I'm writing a solution around MOSS 2007. And storing fairly large quantities of data in a list.

My first question is: Can lists handle large quantities of data – around 200 000 items. Now I've already read up about it, and it seems like the limitations of lists are on the number of items the views can display (2000). So question is: Is this a recommendation or a real limitation? No documentation actually confirms this.

second question if its a physical limitation in how many items the view can display, Does this mean that its impossible to check for duplicates in a sharepoint list that contains vast quantities of data?

In the sense that to perform a wsList.getListItems you have to pass a view (if the list contains 100 000 records, and the view can only contain 2000 records) how is it possible to check for duplicates?

Thanks

Best Answer

Huge list performance

You may want to read "Scaling to Extremely Large Lists and Performant Access Methods" and "Best Practices for LARGE SharePoint Lists and Documents Libraries".

Another thing this article does not mention that adding list items with SPList.Items.Add, because on large list it's a huge performance penality.
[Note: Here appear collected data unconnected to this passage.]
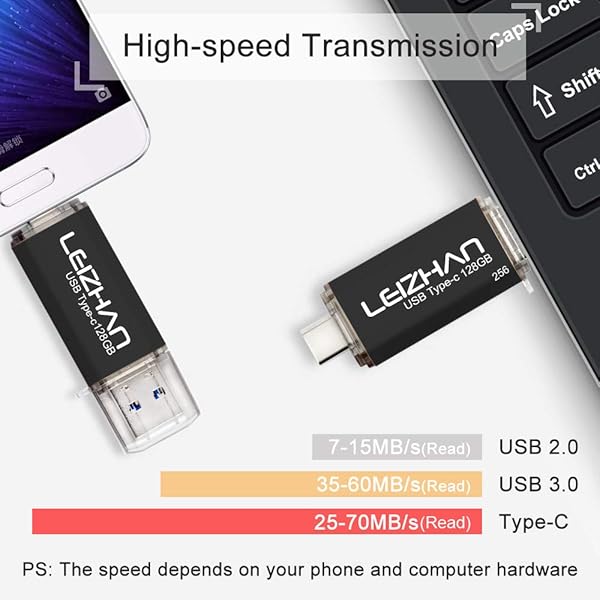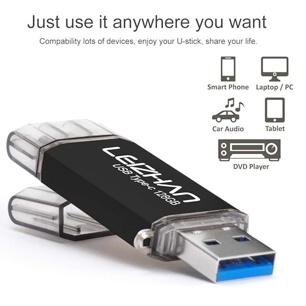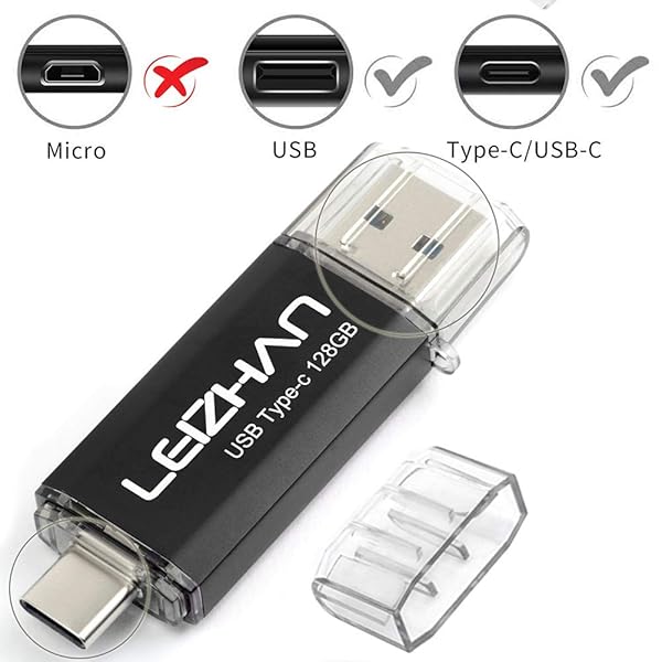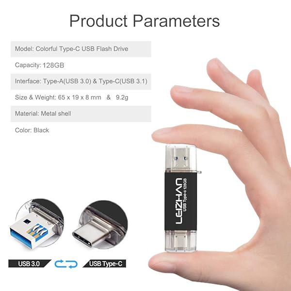- leizhan 128GB USB 3.0 Flash Drive Thumb Drives Jump Drive Storage Memory Stick Type-C/USB 2 in 1 -Black offers reliable performance and quality- Type-c Pen drive is 128GB storage capacity.Interface: USB 3.0 and Type-c (USB-A and USB-C )
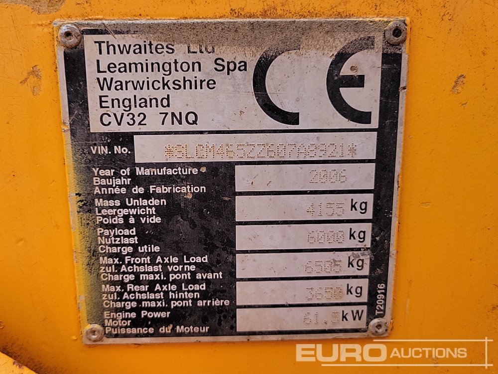 Thwaites 6 Ton Dumper, Roll Bar - SLCM465ZZ607A8921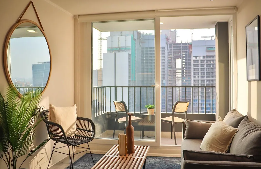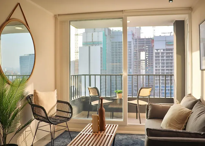 An equipped kitchenette with a fridge, an oven, and glassware is available as part of this accommodation's self-catering amenities. Guests will be able to use a fitness room to assist them in staying physically active. Hom I Estacionamiento I Mall Plaza Egana I Gym apartment has a patio with views of the city.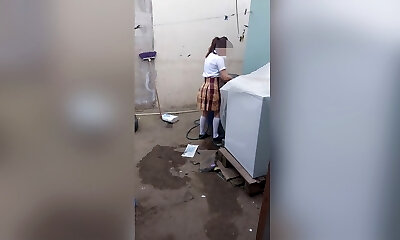 insane asiático av modelo nubile es golpeado en colegio uniforme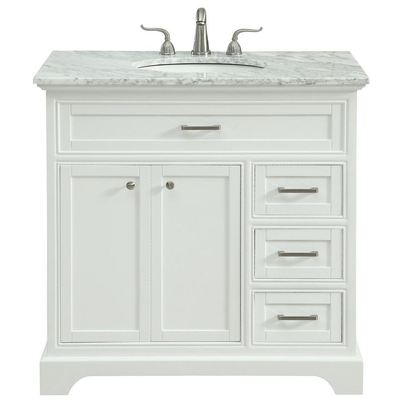 From its Italian Carrara white marble top to its contemporary-styled hand painted white cabinet, this member of our Americana vanity collection is sure to enhance either your home or office bathroom. Beneath its lustrous, natural marble top and an oval, white porcelain under mount sink, is a cabinet with 3 handsome drawers and 2 doors with a single shelf for all your bathroom essentials, highlighted with recessed panel doors, brushed steel bar handle and knobs, stands on strong solid pedestal feet. A wonderful balance of simplicity and practical function! Measurements: W36 xD21.5 xH35Available at AppliancesConnection Features: Features Italian Carrara marble top oval white porcelain under mount sink Made of Solid wood and MDF contemporary-styled hand painted white cabinet Includes one shelf Faucet is not included fully assembled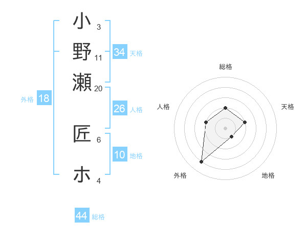 小野瀬 匠ホさんの総格は44画の2点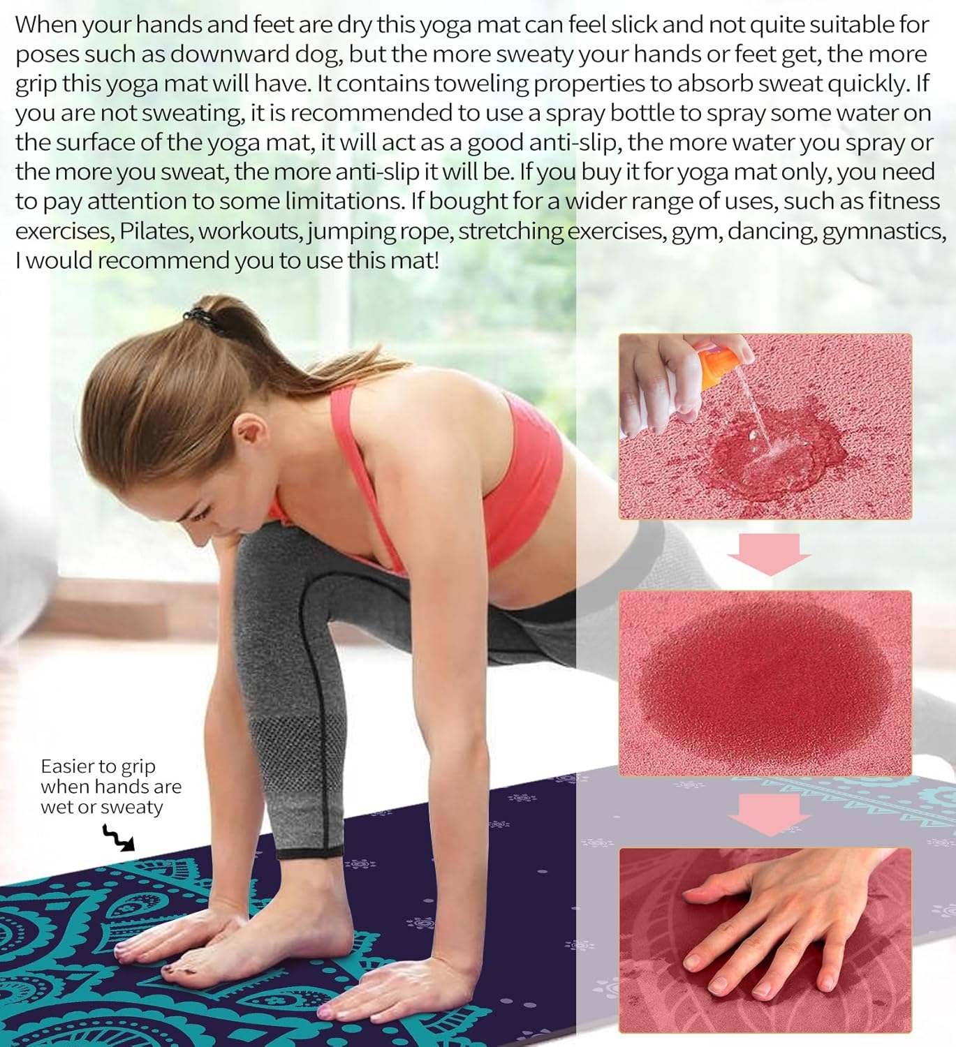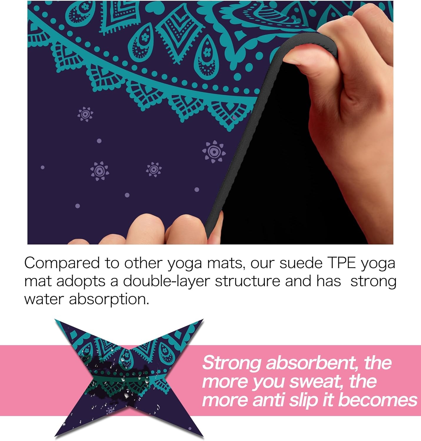 - 【Materiały przyjazne dla środowiska】: Przyjazne przypomnienie: nasza mata do jogi wykonana jest z miękkiego zamszu na powierzchni i wysokiej jakości TPE z tyłu. Cechą charakterystyczną zamszu jest to, że im więcej się pocisz, tym bardziej jest antypoślizgowa. Suche dłonie i stopy są bardzo gładkie i nie nadaje się dla psa skierowanego w dół. Im więcej wody masz na dłoniach lub stopach, tym silniejszy chwyt maty do jogi. Jeśli się nie pocisz, zaleca się używać puszki z rozpylaczem spryskać wodą powierzchnię maty do jogi, co będzie miało dobry efekt antypoślizgowy.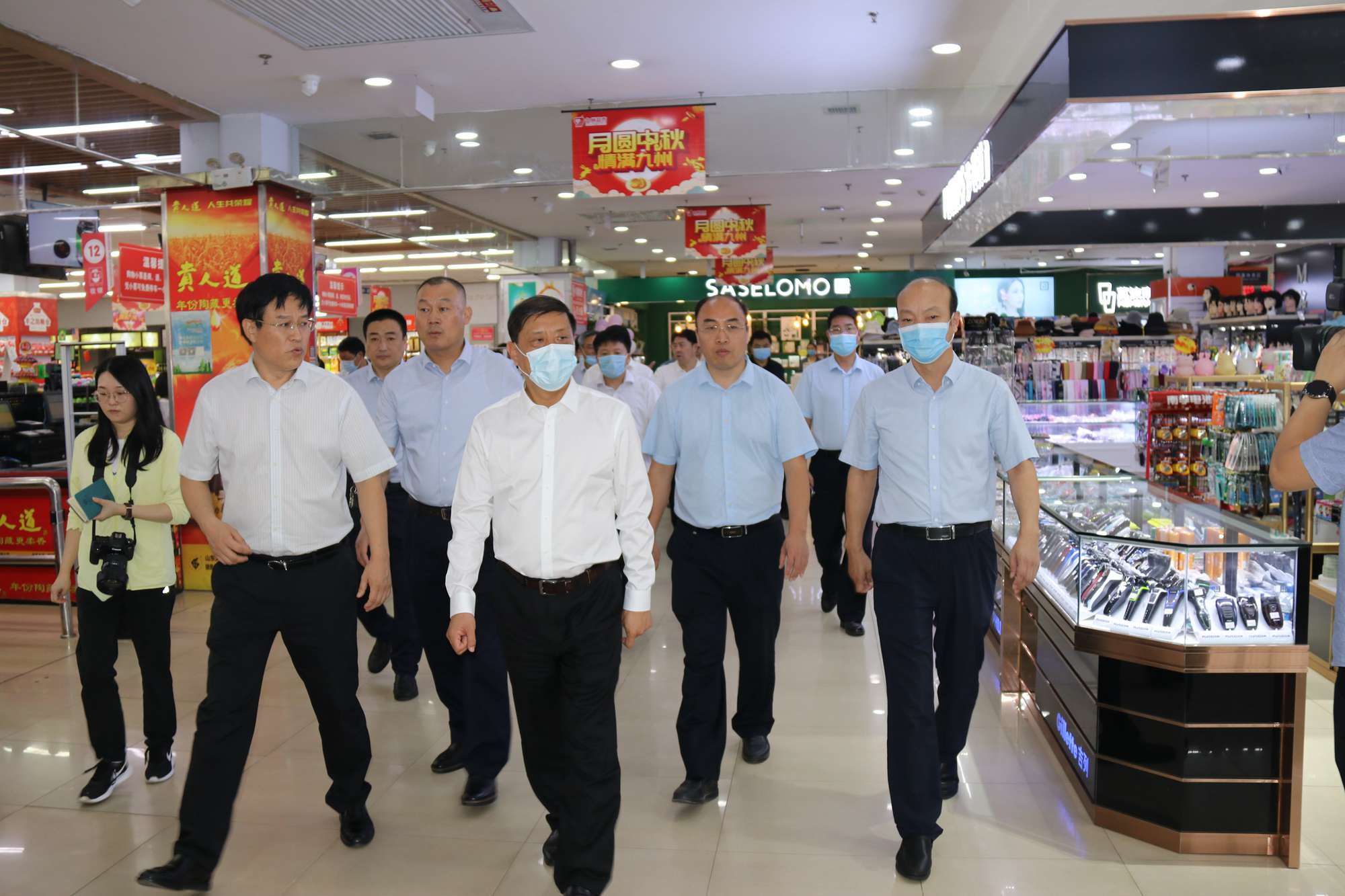 9月29日上午,臨沂市委書記王安德到九州購物中心齊魯園店檢查節(jié)日食品安全工作。副市長(zhǎng)劉賢軍,市商務(wù)局黨組書記、局長(zhǎng)張洪永,市市場(chǎng)監(jiān)督管理局黨組書記、局長(zhǎng)黃杰陪同。集團(tuán)董事長(zhǎng)、總經(jīng)理?xiàng)钣罇|,超市公司總經(jīng)理李國等參加活動(dòng)并匯報(bào)工作。

What you do is build efficient query that returns no items and then add item to that collection (somwhere i was reading that webservices perform good on adding item, however i can't find that article no more).

You can also see some tests (or other tests) on how huge lists perform.

As for duplicates

You may want to create Scheduled job (SPJobDefinition) that runs somwhere at night and checks for duplicates.

Better idea than looping all SPListItem's and then Query list for each item to check for duplicates would probably be to get a DataTable (SPListItemCollection.GetDataTable()) for all items and use some technique to determine duplicates.

As for views

Filter items, order to see relevant ones and define your RowLimit. That's the key for views - you just need most relevant items, don't you?